Der fliegende Holländer Fotoprobe © operimsteinbruch.at/wearegiving

Erstmals wagte sich die „Oper im Steinbruch“, Sankt Margarethen im Burgenland – in den Worten des Intendanten Daniel Serafin mit ihrer 70 Meter breiten Freiluftbühne eine der „Big Three“ unter den sommerlichen Open-Air-Opernfestspielen weltweit, neben Verona und Bregenz – an ein Werk Richard Wagners.

Richard Wagner, Der fliegende Holländer

Musikalische Leitung:  Patrick Lange

Inszenierung:  Philipp M. Krenn
Bühnenbild:  Momme Hinrichs
Kostüme:  Eva Dessecker
Lichtdesign:  Paul Grilj
Chorleitung:  Walter Zeh
Sound:  Volker Werner
Video:  Roland Horvath

Philharmonia Chor
Piedra Festivalorchester

Oper im Steinbruch (Sankt Margarethen im Burgenland), 9. Juli 2025

von Charles E. Ritterband

Und was wäre effektvoller für die wie immer alle Register der technischen Effekte ziehenden Opernfestspiele in der großartigen Naturkulisse des Römersteinbruchs als „der fliegende Holländer“ mit dem Geisterschiff, seiner der lebendtoten Besatzung, dem Fluch, der magischen Zahl von sieben Jahren und der melodramatischen Liebesgeschichte?
Eine szenisch grandiose Inszenierung mit vielen musikalischen Höhepunkten – allerdings auch mit offenkundigen Mängeln. Und die Witterung spielte gleichsam ungefragt mit: Nach der hochsommerlichen Hitzewelle herrschte an diesem Abend herbstlich-nordische Kälte, passend zum Stück, aber für manche allzu leicht gekleidete Besucher Anlass zum Verlassen des Schauplatzes in der großen Pause.

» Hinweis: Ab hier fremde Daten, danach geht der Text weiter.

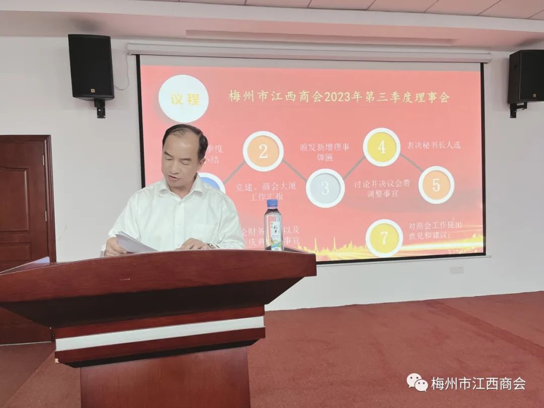 按照会议议程,由谢秘书长就第三季度工作做总结报告,本季度轮值小组积极履行工作职责,重点开展了:横向交流、学习培训、专题活动等会务。例如分别与广东省江西崇义商会、河源江西商会、梅州市零商业行业协会开展交流座谈会;参加“梅州市民营经济论坛·重做”、省工商联平台培训、“强化风险防范、依法护企促发展”、“坚定信心决心,推动苏区融湾”的学习;大埔分会举办医师节、教师座谈会”、兴宁分会举办成立十三周年庆典、参加梅州市知识产权金融创新业务对接等主题活动。

Richard Wagner hatte in Begleitung seiner Ehefrau Minna auf dem Schiff „Thetis“ – auf der Flucht von Riga nach London im Jahr 1839 – vor der englischen Küste tatsächlich einen fürchterlichen Sturm erlebt, der ihn zweifellos zur Handlung des „Holländer“ inspiriert hatte: von „Todesgrauen“ vor einem „drohenden Seeunglück“, von „furchtbarer Gewalt, mit welcher das Schiff auf- und abgeschleudert wurde“ sprach der Komponist.

Zuvor wäre die „Thetis“ um ein Haar vor der Küste Norwegens auf ein Riff aufgelaufen. Diese traumatischen Erlebnisse inspirierten den „Holländer“ und machen die gewaltige Kraft dieses Frühwerk Wagners aus: „Mit Gewitter und Sturm aus fernem Meer“ singt der Steuermann…

Der fliegende Holländer Fotoprobe © operimsteinbruch.at/wearegiving

Eine phänomenale Inszenierung, kein Zweifel: Von Anfang an ziehen uns die gigantischen, beidseits der Bühne zwölf Meter hoch aufragenden Kunststoff-Wogen in den Bann; die Bühne wird beherrscht durch Wellen (mit Zwischengängen!), die an barocke Bühnen erinnern.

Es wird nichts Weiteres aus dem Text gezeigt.